Elysée : dans les coulisses du Palais

Un lieu réputé impénétrable. Exceptionnellement nos caméras ont pu filmer derrière les murs de ce palais pendant 18 mois. Plus de 800 personnes y travaillent chaque jour dans l’ombre. Et une centaine de jeunes recrues et d’apprentis sont formés par les meilleurs spécialistes et artisans du pays.

Partagez l’étonnant quotidien de ces femmes et de ces hommes qui travaillent dans les coulisses du pouvoir. À chaque édition des journées du Patrimoine, L’Élysée, un lieu cher au cœur des Français, bat des records d’affluence. Exceptionnellement nos caméras ont pu filmer derrière les murs de ce palais pendant dix-huit mois. Plus de 800 personnes y travaillent chaque jour dans l’ombre. Parmi elles, une centaine de jeunes recrues et d’apprentis sont formés par les meilleurs spécialistes et artisans du pays. Car l’Elysée est aussi la vitrine du savoir-faire français.

Un documentaire de Julie Martin & Manuel Laigre (COVER FILMS)

Interview des réalisateurs Julie Martin et Manuel Laigre

Comment vous est venue l’envie de tourner ce film documentaire ?
Guillaume Maurice (producteur du film) : produire un documentaire sur le palais de l’Élysée, c’est un peu le rêve de tout producteur. En tous cas, c’était le mien. Alors quand j’ai créé ma société de production, il y a un peu plus de deux ans, je me suis lancé ce défi : réussir à faire un documentaire au long cours dans ce lieu chargé d’Histoire. Mais je savais qu’obtenir la confiance de l’équipe présidentielle n’était pas gagné d’avance.
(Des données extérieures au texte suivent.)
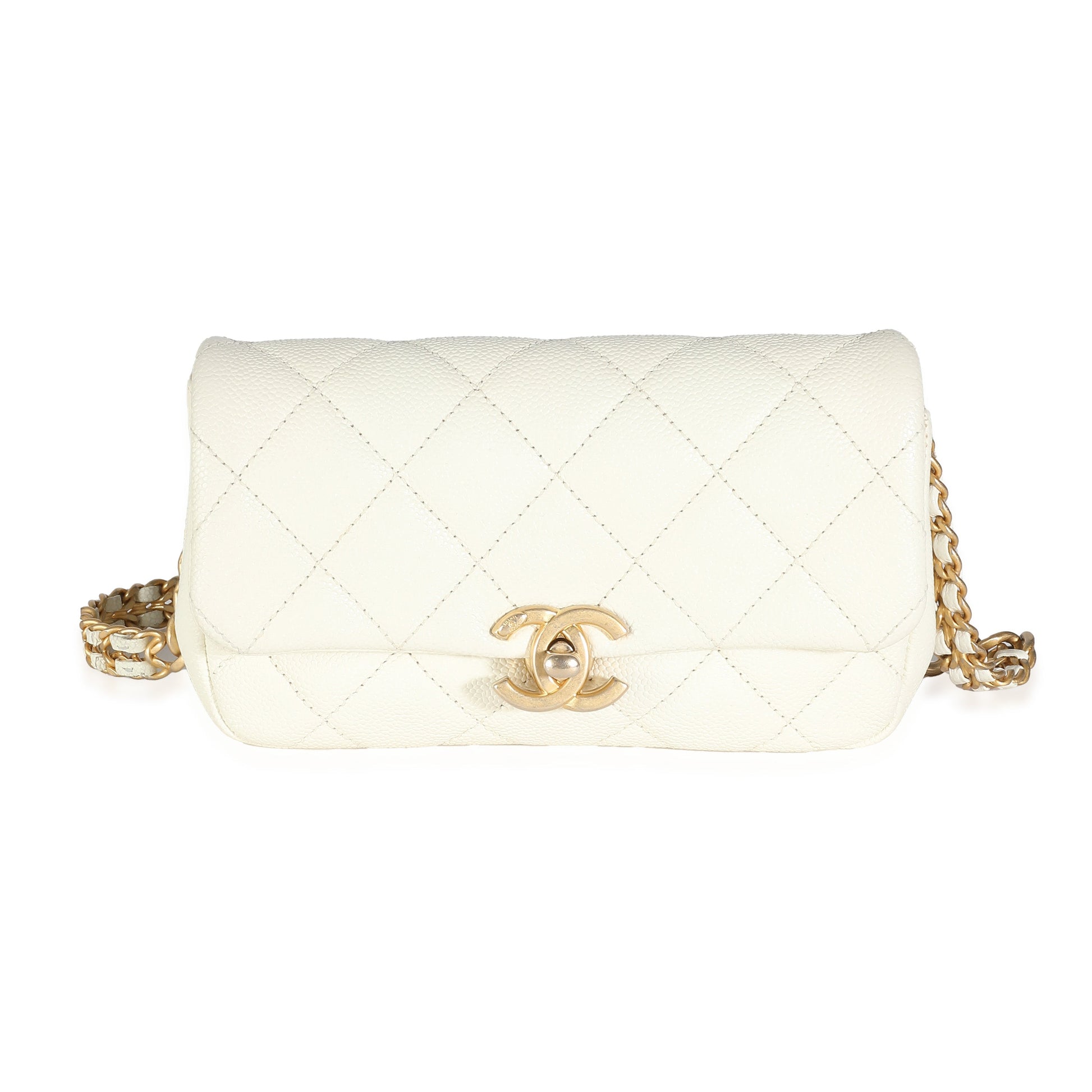 White Quilted Caviar Chain Melody Waist Belt Bag
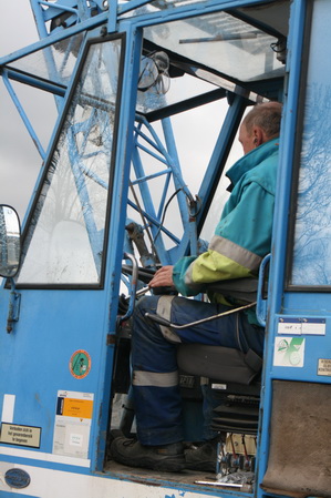 Kraanbestuurder Jan dirigeert het pakket bekistingshaken/beugels naar een geschiktere plek…
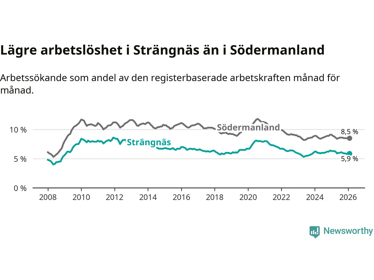 Strängnäs hade redan tidigare lägre arbetslöshet än snittet i hela Södermanlands län och nu växer klyftan (5,9 procent i kommunen, jämfört med 8,5 procent i hela länet). Trosa har den lägsta arbetslösheten i länet (3,5 procent), medan Eskilstuna har den högsta (10,7 procent). För att Strängnäs skulle komma ner i samma arbetslöshetsnivå som Trosa skulle 456 personer behöva sysselsättas.
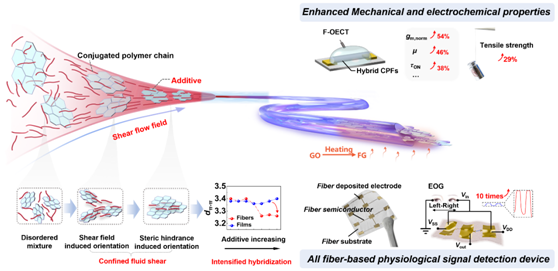 Figure 3. High-performance conjugated polymer fibers and subsequent fiber-based organic electrochemical transistors fabricated through shear-enhanced hybridization
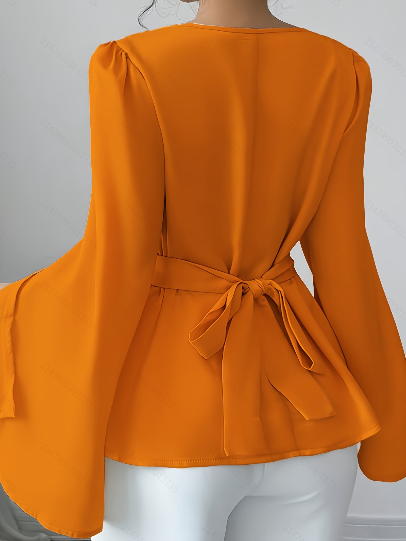 Women's Solid Color Long Sleeve Top with Lace-Up Bow-Knot Detail and Lapel Collar

Pouvez-vous nous décrire les démarches entreprises pour réaliser ce film et bénéficier d’un accès aussi privilégié pendant 18 mois ?
Manuel Laigre (réalisateur) : le mérite revient au producteur Guillaume Maurice. C’est lui qui a mené les négociations, pendant 6 mois, jusqu’à obtenir un premier accord. Puis ensuite tout au long de notre immersion. Il est très rare de pouvoir filmer aussi longtemps dans le Palais de l’Élysée. Il a fallu longuement expliquer notre projet et ce que nous souhaitions capter à l’image, pour convaincre la Présidence de nous ouvrir les portes en grand.

Julie Martin (réalisatrice) : après, toutes nos demandes n’ont évidemment pas abouti, et nous avons dû accepter certaines limites. Mais le principal pour nous était de trouver comment raconter ce lieu, au travers les yeux de celles et ceux qui y travaillent. Nous avons cherché à identifier un panel de personnalités, chacune avec un parcours, des envies et des enjeux différents. Pour raconter un moment clé de leur vie professionnelle, dans ce lieu de pouvoir qui reste encore très fantasmé.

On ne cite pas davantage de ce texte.